Detectives found 29.3 grams of heroin in the boy’s single-story ranch home. He now faces 16 drug-related charges, including one that could lead to 18 to 23 years in prison. The girl faces nine drug charges. Both were free on bond and scheduled for trials in mid-February, after this article went to press.
One afternoon last fall, a printout of the boy’s mug shot sat on the desk of J.C. Herrera, the longtime school resource officer at Ardrey Kell. He remembers the alleged dealer, who attended the school for ninth and tenth grades, as a quiet kid. “He didn’t do that here,” Herrera says, referring to drugs. “He’s quiet.” Herrera says the girl, who moved to Charlotte from Florida, attended Ardrey Kell for only one year before graduating.
Students are now hearing rumors about the boy’s possible prison term, and they’re scared, Herrera says. “They’re starting to get the magnitude of it.”
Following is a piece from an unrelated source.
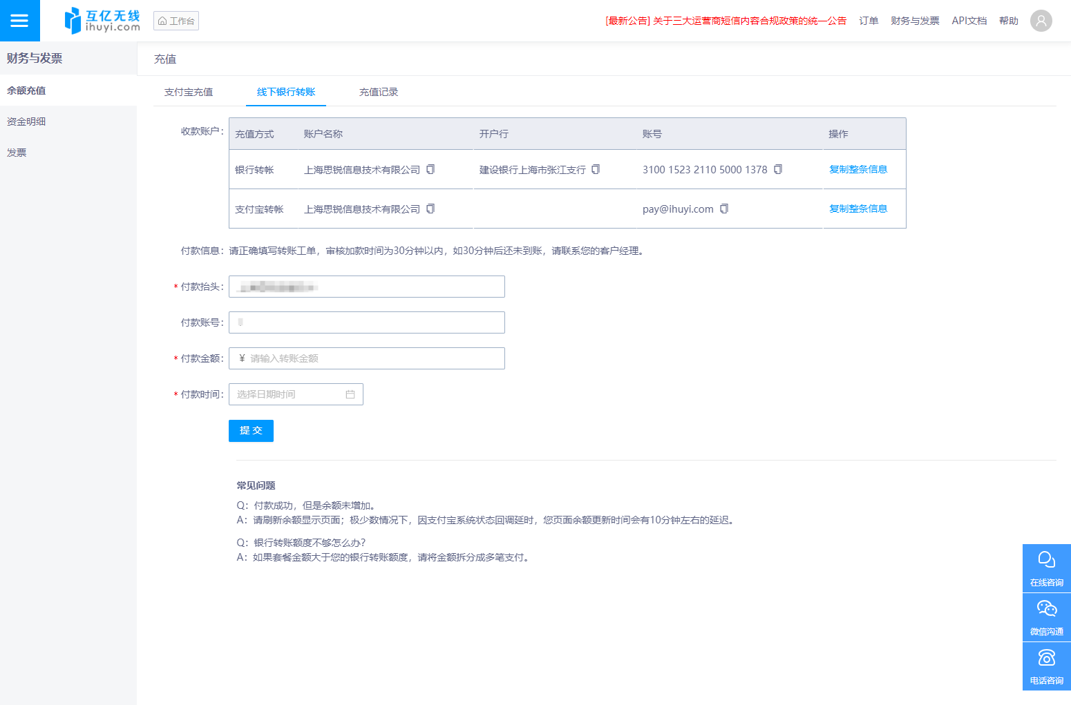 登錄互億無線平臺,依次進入 財務(wù)與發(fā)票 - 充值 - 線下銀行轉(zhuǎn)賬 頁面 ,即可看到收款賬戶信息、付款信息填寫區(qū)域及常見問題說明。

Very little drug education is required in Charlotte-Mecklenburg high schools—just one semester of health for all four years. “That’s part of the problem,” says Deb Kaclik, director of arts, health, physical education, and pre-K-12 curriculum support programs for CMS.
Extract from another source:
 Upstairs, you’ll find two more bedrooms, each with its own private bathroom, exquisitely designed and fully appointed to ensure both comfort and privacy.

At Ardrey Kell, Herrera teaches classes in health and law. He focuses on what he calls the “liability” of drugs. How much time would you get if you’re arrested and convicted? If you throw a party at your house and serve alcohol, will your parents get sued?
Kathleen Kane-Willis, director of the Illinois Consortium on Drug Policy at Roosevelt University in Chicago, recommends giving kids specific information about the consequences of individual drugs. Teenagers often don’t know how easily or quickly they can develop an addiction to heroin. Living in a wealthy neighborhood or attending good schools won’t protect them, either. Studies have shown that “more disposable income, more money in allowance leads to more drug use,” Kane-Willis says.
Last June, Lt. Nathan King of the Charlotte-Mecklenburg Police Department’s south Charlotte division began gathering data about the city’s heroin problem. In October, his team spoke to staffers at Ardrey Kell. They were trained to look for telltale signs of abuse—needles, foil, pieces of brightly colored balloons. They were warned about dealers targeting vulnerable kids. “We’re starting to see predatory sellers that are trying to get new clients,” King says.
His team has trained school nurses to look for track marks on students’ arms, and to keep a close eye on kids who are taking prescription painkillers.
His goal is to reach the kids who are still experimenting with heroin, snorting or smoking it, but haven’t started injecting it. If they become addicted, the problem becomes infinitely harder to solve.
“No one talks about heroin,” King says. “You barely have the conversation going on within society, let alone with the schools.” —L.R.